Output the data below exactly as it is, dropping the pictures from your copy.

Data provided -
--- --- ---

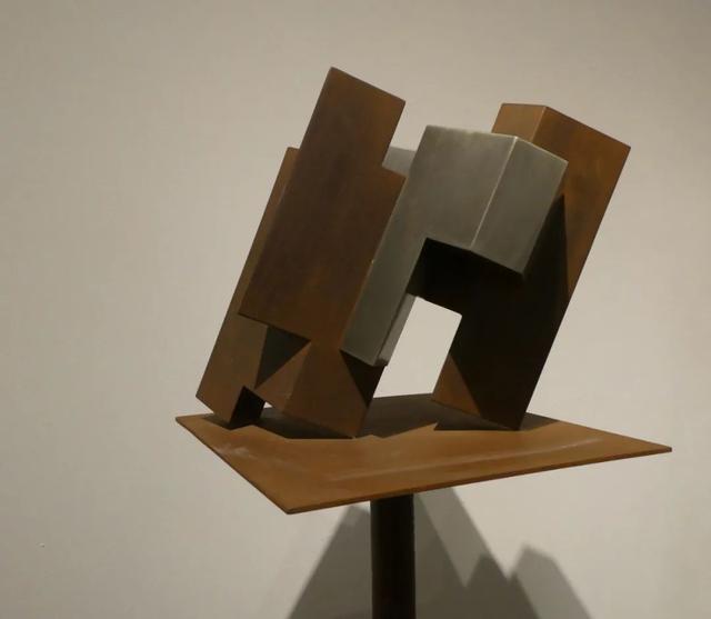 这些多维度体块具有不透明性,一眼难以理解全局,尽管同样是采用几何化语言和工业材料,但构成主义从中心出发的分析逻辑并不适用,创作者并没有寻找一个具有生成能力的核心作为原点来建构物体。这种分离感让人想到大卫·史密斯或迪·苏沃尔的雕塑,没有任何视点赋予作品连续性及因果关联感。但有所不同的是,这种分离感并非体现为雕塑实体的离散,而是呈现为一种建筑空间化的围合,如作品1、8、9、10、13、17所体现的那样,分离的单元又围绕大大小小的多个中心聚合,构成新的体量关系。
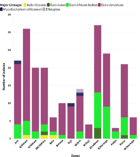 INTRODUCTION : The population structure of Mycobacterium tuberculosis complex (MTBC) in Ethiopia is diverse but dominated by Euro-American (Lineage 4) and East-African-Indian (Lineage 3) lineages. The objective of this study was to describe the genetic diversity of MTBC isolates in Central, Eastern and Southeastern Ethiopia.
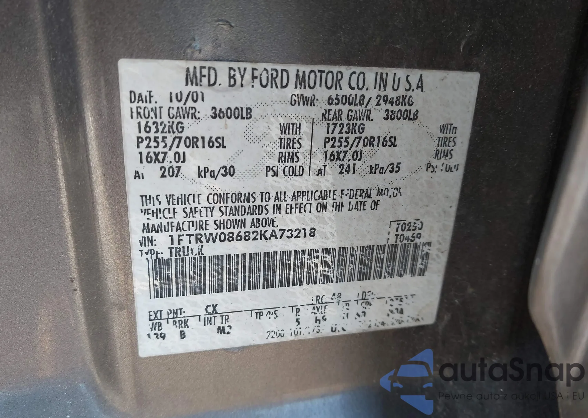 • VIN 1FTRW08682KA73218
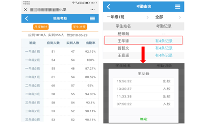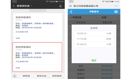 利用现代智能卡技术,在学生进入或走出校园时,智慧微校通平台自动发送学生出、入校时间到家长微信上,便于家长及时了解孩子到校离校情况,安心于自己的工作。
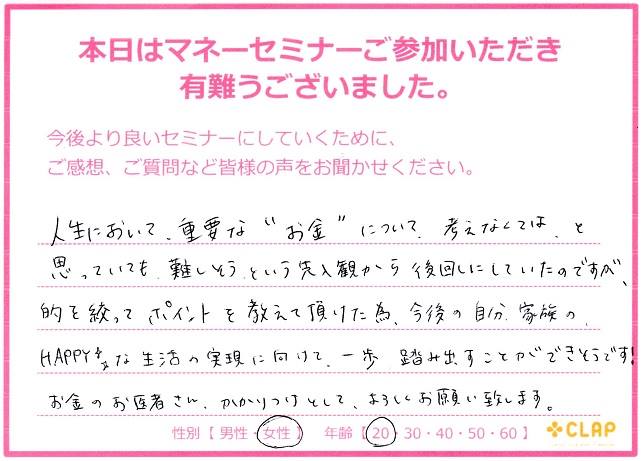 正解のない未来 投稿日 2018年2月1日 カテゴリー お客様の声 カテゴリー 未来の安心 カテゴリー 老後資金 本日のマネーセミナー。 20代の女性とライフプランを考えました。 いろいろな家族があり、いろいろな考え方があります。 そして、それらは時間が経つと変化もします。 だから正解がひとつとも限りませんし、もしかしたらないのかもしれません。 それでも未来のイメージを持つことは、大切だと思います。 一歩踏み出すお手伝いができてよかったです。
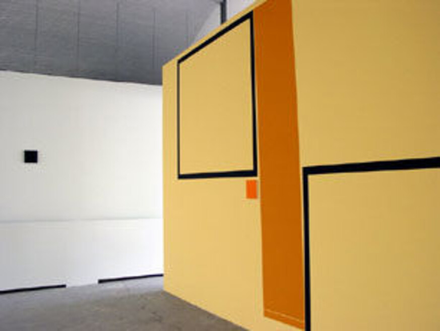 Working in a systematic way seems a starting point for the artist, to use consequently at first, and to rebel against later. The system emerges during the working process in order to be broken down again later on. Paintings succeed each other, originate from each other and form series of an investigation into the working of the image. Whereas the artist used to work with clear references to the physical world outside the painting, her more recent work is of a more abstract level: (spatial) observation.”by Jasper van der Graaf for the exhibition Sainte Victoire #3 – Safe, 2006
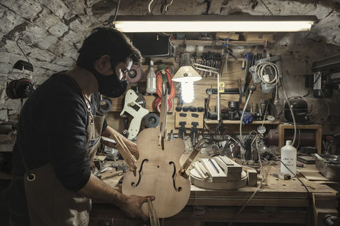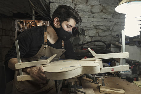 Aurelien Bontemps is an artisan luthier. He designs and manufactures guitars in his workshop in Grabels in Herault. 09 February 2021.
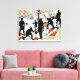 Silhouetted basketball players are dynamically posed, each interacting with multiple basketballs across a vibrant, abstract sports court.
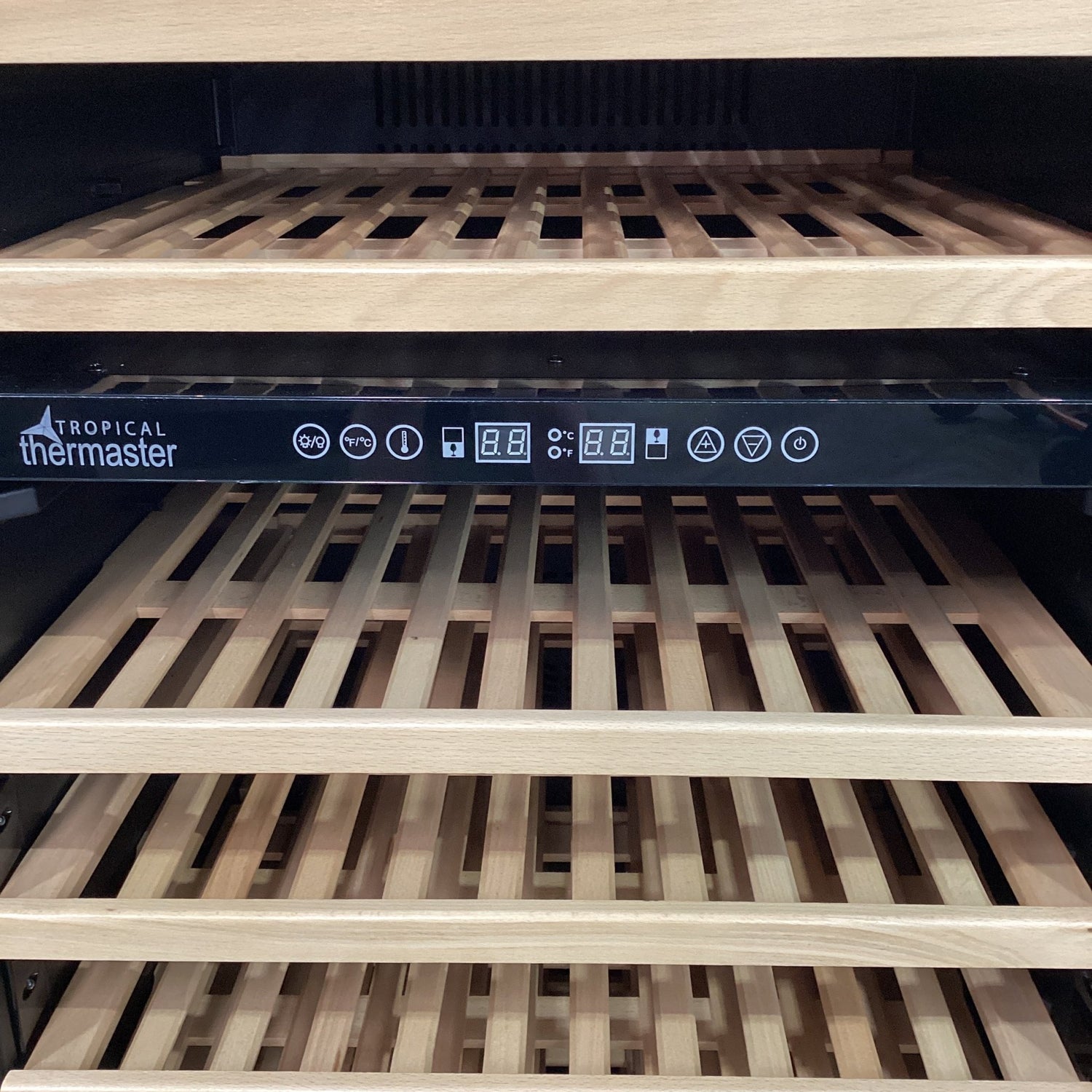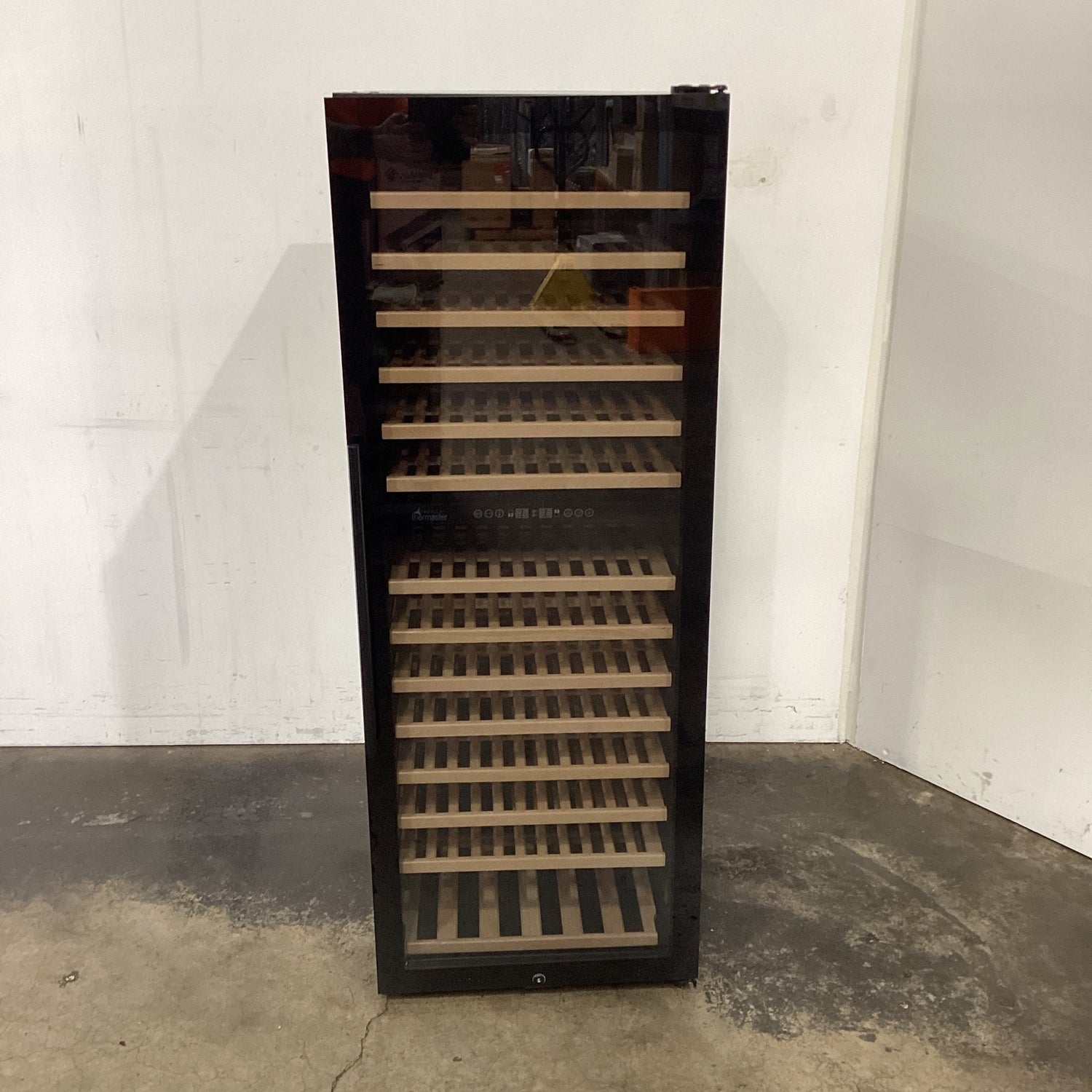 Duel Zone Wine Cabinet. Features 1 glass door, Up to 155 bottle capacity, Internal lighting, Multi temp controls 5°C to 12°C, 14 shelves, Adjustable feet, Climate class normal, Black finish, Surface scratches, 10 amp 1 phase, 600mmW x 750mmD x 1630mmH, 82KG
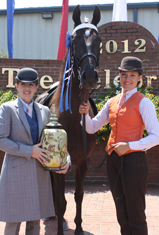 Back in the Trail Pleasure division, class 6 featured the Owner-Amateur Riders on English Trail Pleasure Walking Horses with 16 of the 19 on the books working to the track to show their best moves for Judge Connie Waldo and her cohorts. Striding down victory lane for the second consecutive year was GiGi’s Majestic. In 2011, Janet Howell was in the irons for son, Jordan Howell. This year, Jordan took his horse back and made that victory ride himself taking the honors home to Murfreesboro, Tenn. Jordan and GiGi’s Majestic had already had a very good 2012 show season, picking up wins at the Gulf Coast Charity Celebration, the International Grand Championships and the Marshall County Horse Show. Jose’s Firecracker and Wayne Westbrook were second in the very talented class riding for Bob and Wayne Westbrook of Shelbyville, Tenn. Confederate Jazz and Kasey Kesselring collected the yellow streamers for the Kesselring family of Montverde, Fla.
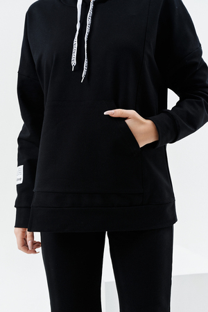 Толстовка прямая, свободная, с капюшоном, с фигурной линией низа на полочке. Рукав длинный, на манжете. На полочке расположен асимметричный карман "кенгуру".
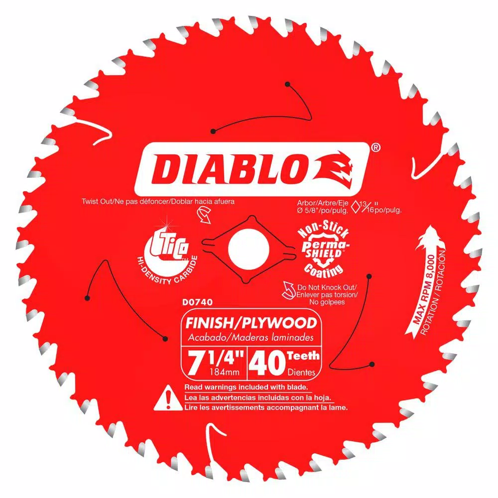 The advanced laser-cut slim kerf on the Diablo 7-1/4 in. x 40-Tooth Finishing Saw Blade creates a thin swath for less material removal and fast, effortless operation. Constructed with TiCo Hi-Density special-blend carbide, this durable circular saw blade is outfitted with 40 teeth to make smooth, finely finished cuts in wood and plywood. The Perma-SHIELD nonstick coating reduces drag while stabilizer vents absorb noise and vibration to keep the blade straight.

--- --- ---

Reply -
 这些多维度体块具有不透明性,一眼难以理解全局,尽管同样是采用几何化语言和工业材料,但构成主义从中心出发的分析逻辑并不适用,创作者并没有寻找一个具有生成能力的核心作为原点来建构物体。这种分离感让人想到大卫·史密斯或迪·苏沃尔的雕塑,没有任何视点赋予作品连续性及因果关联感。但有所不同的是,这种分离感并非体现为雕塑实体的离散,而是呈现为一种建筑空间化的围合,如作品1、8、9、10、13、17所体现的那样,分离的单元又围绕大大小小的多个中心聚合,构成新的体量关系。
 INTRODUCTION : The population structure of Mycobacterium tuberculosis complex (MTBC) in Ethiopia is diverse but dominated by Euro-American (Lineage 4) and East-African-Indian (Lineage 3) lineages. The objective of this study was to describe the genetic diversity of MTBC isolates in Central, Eastern and Southeastern Ethiopia.
 • VIN 1FTRW08682KA73218
 利用现代智能卡技术,在学生进入或走出校园时,智慧微校通平台自动发送学生出、入校时间到家长微信上,便于家长及时了解孩子到校离校情况,安心于自己的工作。
 正解のない未来 投稿日 2018年2月1日 カテゴリー お客様の声 カテゴリー 未来の安心 カテゴリー 老後資金 本日のマネーセミナー。 20代の女性とライフプランを考えました。 いろいろな家族があり、いろいろな考え方があります。 そして、それらは時間が経つと変化もします。 だから正解がひとつとも限りませんし、もしかしたらないのかもしれません。 それでも未来のイメージを持つことは、大切だと思います。 一歩踏み出すお手伝いができてよかったです。
 Working in a systematic way seems a starting point for the artist, to use consequently at first, and to rebel against later. The system emerges during the working process in order to be broken down again later on. Paintings succeed each other, originate from each other and form series of an investigation into the working of the image. Whereas the artist used to work with clear references to the physical world outside the painting, her more recent work is of a more abstract level: (spatial) observation.”by Jasper van der Graaf for the exhibition Sainte Victoire #3 – Safe, 2006
 Aurelien Bontemps is an artisan luthier. He designs and manufactures guitars in his workshop in Grabels in Herault. 09 February 2021.
 Silhouetted basketball players are dynamically posed, each interacting with multiple basketballs across a vibrant, abstract sports court.
 Duel Zone Wine Cabinet. Features 1 glass door, Up to 155 bottle capacity, Internal lighting, Multi temp controls 5°C to 12°C, 14 shelves, Adjustable feet, Climate class normal, Black finish, Surface scratches, 10 amp 1 phase, 600mmW x 750mmD x 1630mmH, 82KG
 Back in the Trail Pleasure division, class 6 featured the Owner-Amateur Riders on English Trail Pleasure Walking Horses with 16 of the 19 on the books working to the track to show their best moves for Judge Connie Waldo and her cohorts. Striding down victory lane for the second consecutive year was GiGi’s Majestic. In 2011, Janet Howell was in the irons for son, Jordan Howell. This year, Jordan took his horse back and made that victory ride himself taking the honors home to Murfreesboro, Tenn. Jordan and GiGi’s Majestic had already had a very good 2012 show season, picking up wins at the Gulf Coast Charity Celebration, the International Grand Championships and the Marshall County Horse Show. Jose’s Firecracker and Wayne Westbrook were second in the very talented class riding for Bob and Wayne Westbrook of Shelbyville, Tenn. Confederate Jazz and Kasey Kesselring collected the yellow streamers for the Kesselring family of Montverde, Fla.
 Толстовка прямая, свободная, с капюшоном, с фигурной линией низа на полочке. Рукав длинный, на манжете. На полочке расположен асимметричный карман "кенгуру".
 The advanced laser-cut slim kerf on the Diablo 7-1/4 in. x 40-Tooth Finishing Saw Blade creates a thin swath for less material removal and fast, effortless operation. Constructed with TiCo Hi-Density special-blend carbide, this durable circular saw blade is outfitted with 40 teeth to make smooth, finely finished cuts in wood and plywood. The Perma-SHIELD nonstick coating reduces drag while stabilizer vents absorb noise and vibration to keep the blade straight.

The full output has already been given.